Segment Start: SUPPLIED DATA

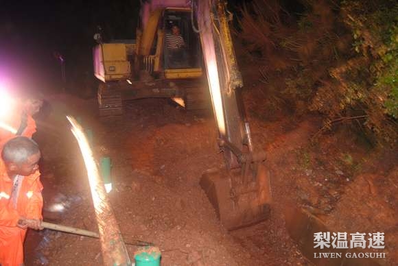5月8日晚6时,沪昆高速K656公桩遭受泥石流冲击,路面大部分被泥石覆盖,沪昆高速东乡往南昌方向暂时封闭。梨温公司连夜组织人员抢险,经过两小时奋战,高速公路恢复正常通行。
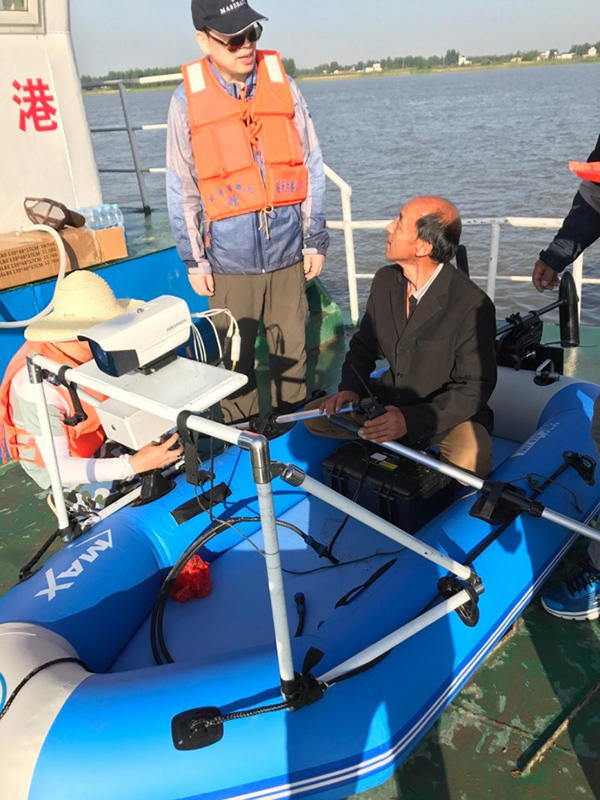 六点十几分,在经度:118.0751180,纬度:31.2167990,三次发现、看到“白鱀豚”拱型越出水面并露出鳍背的情景,由于所在位置接近长江主航道,且豚的群体也向主航道驶近,科考队员担心惊扰豚群,以及主航道大轮船给豚群带来伤害,科考队小艇立即返回出发点。
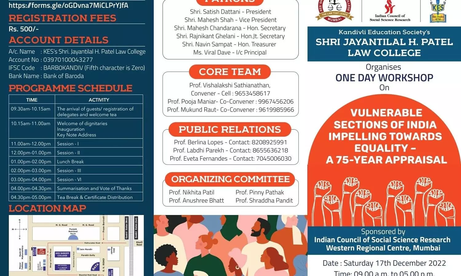 KES' Shri. Jayantilal H. Patel Law College, Kandivli (West), Mumbai is inviting to an academician centric One-Day Workshop (Offline) on "Vulnerable Sections of India Impelling Towards Equality- A 75-Year Appraisal" Sponsored by Indian Council of Social Science Research (ICSSR), Western Regional Centre, Mumbai.;
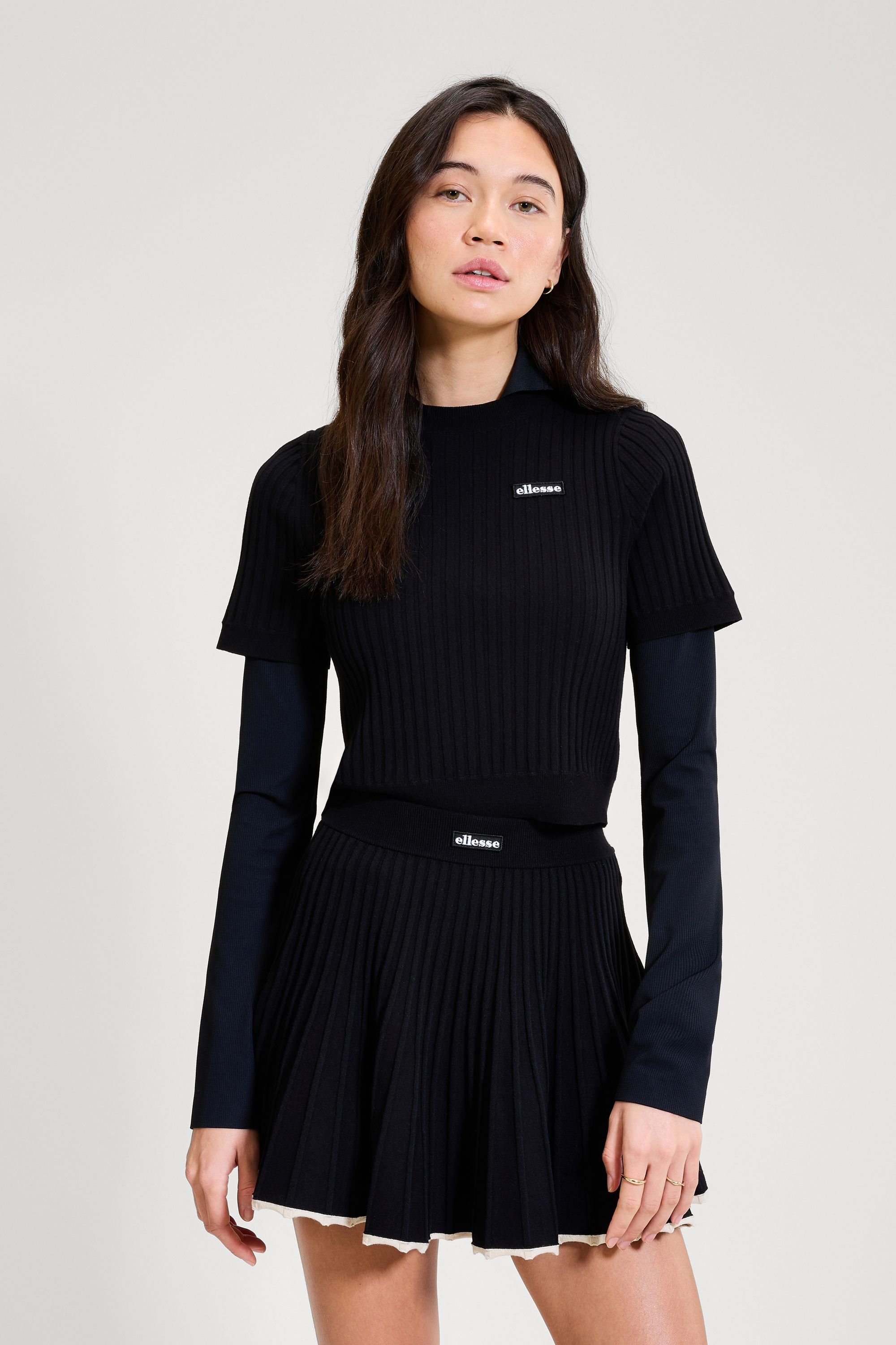 Stylish black knitted tee by Ellesse with a cropped silhouette and ribbed detailing. Designed for flexibility and movement, perfect for active wear or casual layering.

Segment End: SUPPLIED DATA

◆ **EXERCISE AIM**: Each line from the first line of the listing through the line with "六点十几分,在经度:118." must be printed exactly, both ends included, and no picture may appear.

◆ **RESPONSE TO THE EXERCISE**:
5月8日晚6时,沪昆高速K656公桩遭受泥石流冲击,路面大部分被泥石覆盖,沪昆高速东乡往南昌方向暂时封闭。梨温公司连夜组织人员抢险,经过两小时奋战,高速公路恢复正常通行。
 六点十几分,在经度:118.0751180,纬度:31.2167990,三次发现、看到“白鱀豚”拱型越出水面并露出鳍背的情景,由于所在位置接近长江主航道,且豚的群体也向主航道驶近,科考队员担心惊扰豚群,以及主航道大轮船给豚群带来伤害,科考队小艇立即返回出发点。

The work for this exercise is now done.